Copy without pictures. Please restate each line of the listing exactly.

▶ [RAW DATA]
================================
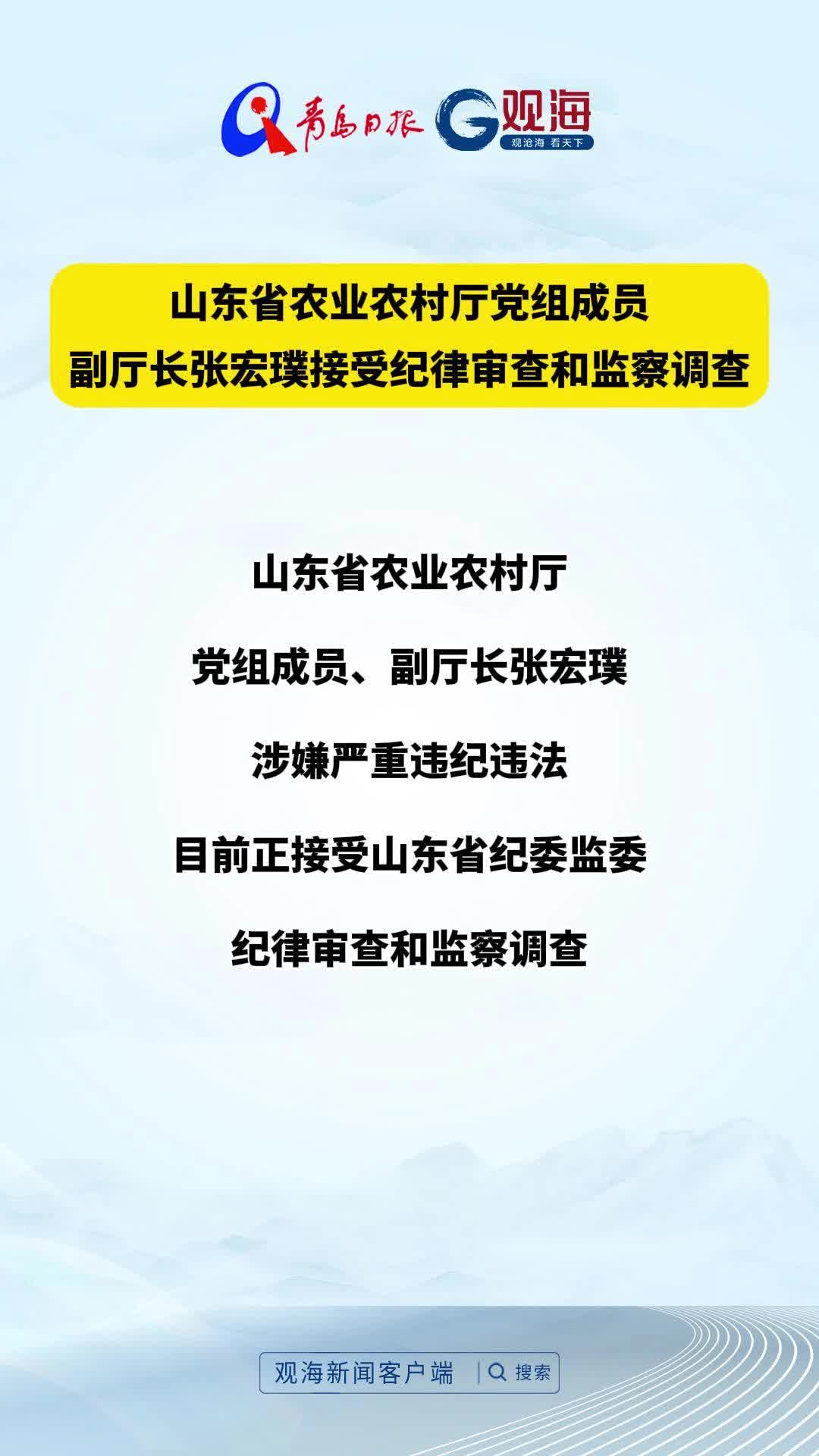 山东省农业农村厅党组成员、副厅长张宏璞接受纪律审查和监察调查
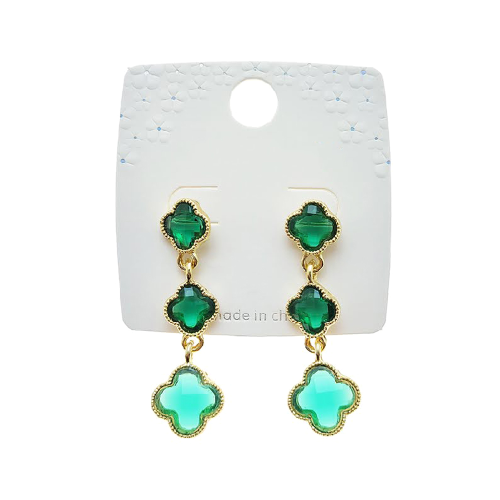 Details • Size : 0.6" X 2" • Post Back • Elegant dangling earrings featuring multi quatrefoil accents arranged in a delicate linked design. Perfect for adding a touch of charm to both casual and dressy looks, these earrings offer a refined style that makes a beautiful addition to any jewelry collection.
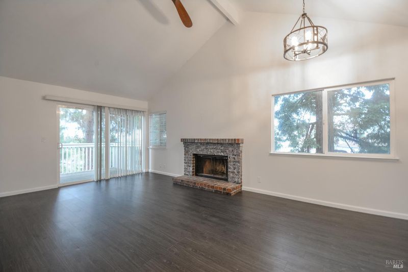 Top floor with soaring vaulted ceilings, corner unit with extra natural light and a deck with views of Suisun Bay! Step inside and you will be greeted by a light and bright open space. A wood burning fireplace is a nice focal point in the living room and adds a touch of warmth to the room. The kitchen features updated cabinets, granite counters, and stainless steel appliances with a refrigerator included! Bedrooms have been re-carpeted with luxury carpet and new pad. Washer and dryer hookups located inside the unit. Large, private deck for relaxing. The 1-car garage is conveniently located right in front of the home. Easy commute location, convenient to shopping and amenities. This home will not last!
================================
▶ [RESULT FOR THIS EXERCISE]
 山东省农业农村厅党组成员、副厅长张宏璞接受纪律审查和监察调查
 Details • Size : 0.6" X 2" • Post Back • Elegant dangling earrings featuring multi quatrefoil accents arranged in a delicate linked design. Perfect for adding a touch of charm to both casual and dressy looks, these earrings offer a refined style that makes a beautiful addition to any jewelry collection.
 Top floor with soaring vaulted ceilings, corner unit with extra natural light and a deck with views of Suisun Bay! Step inside and you will be greeted by a light and bright open space. A wood burning fireplace is a nice focal point in the living room and adds a touch of warmth to the room. The kitchen features updated cabinets, granite counters, and stainless steel appliances with a refrigerator included! Bedrooms have been re-carpeted with luxury carpet and new pad. Washer and dryer hookups located inside the unit. Large, private deck for relaxing. The 1-car garage is conveniently located right in front of the home. Easy commute location, convenient to shopping and amenities. This home will not last!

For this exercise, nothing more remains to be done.